Bref, les rites sont des actes pragmatiques au moment où les routines sont les différentes réalisations de ceux-ci. Si l’acte est unique (saluer, insulter, s’excuser, etc.), inversement, les réalisations sont infinies.

En vue de dresser la nomenclature des routines les plus fréquentes sur Facebook, nous nous sommes appuyée sur la fonctionnalité « segments répétés », proposée par le logiciel Lexico, un logiciel d’analyse statistique du texte développé par André Salem (voir annexe), grâce à laquelle le repérage et le calcul des expressions figées donc des rites s’effectue en un clin d’œil. Notre exposé ne traitera que les quatre rites les plus fréquents : la culture du partage, les rites discursifs, les rites religieux, et, enfin, les rites interpersonnels.

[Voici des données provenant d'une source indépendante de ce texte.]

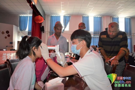 图为团队成员对村民眼底进行拍照取样。中国青年网通讯员 屈越 供图
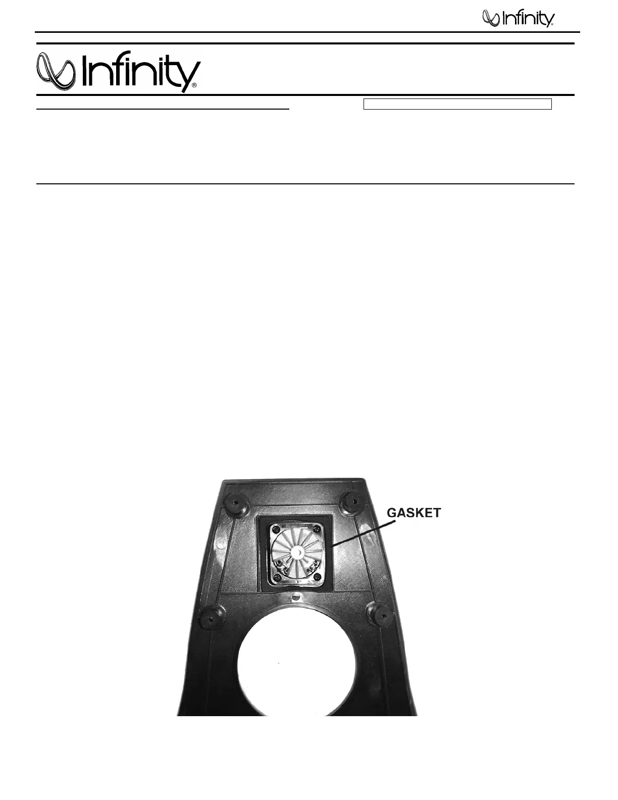 5) Apply a new rectangular gasket, Infinity part# 336050-003, on top of the present gasket,

Figure 31 : Pourcentage des rites conversationnels

Le réseau social Facebook génère automatiquement des phrases : « X a été marqué dans un article », « X a partagé une vidéo », « bloquer quelqu’un », « envoyer un poke à quelqu’un », etc. Mises en circulation par le serveur, ces tournures et ces locutions ont été tellement réitérées par les internautes qu’elles sont devenues des rites. Le rite le plus typique de Facebook demeure celui du partage. Il se réalise grâce à différentes routines : une première possibilité est de recourir à la formule magique « je partage » ou à ses dérivations flexionnelles (« je partage », « partagez », « partageons », etc.). Voici quelques exemples :

moi aussi je partage lina, merci pour ton goût très raffiné j'adore et je partage

J'approuve et je partage je peux le partager?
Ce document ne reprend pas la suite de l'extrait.